Dataset content:
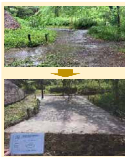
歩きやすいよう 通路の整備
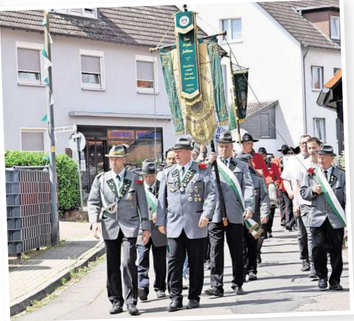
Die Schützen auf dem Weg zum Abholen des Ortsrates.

==

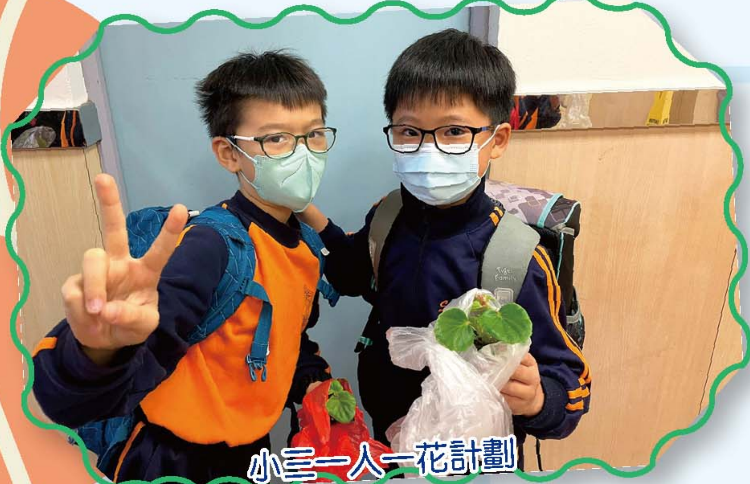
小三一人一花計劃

Exercise aim:
Please set down, exactly and with no pictures, the lines in the entries above starting at the one holding "歩きやすいよう 通路の整備" and ending at the one holding "Die Schützen auf", ends included.

Output for this exercise:
歩きやすいよう 通路の整備
Die Schützen auf dem Weg zum Abholen des Ortsrates.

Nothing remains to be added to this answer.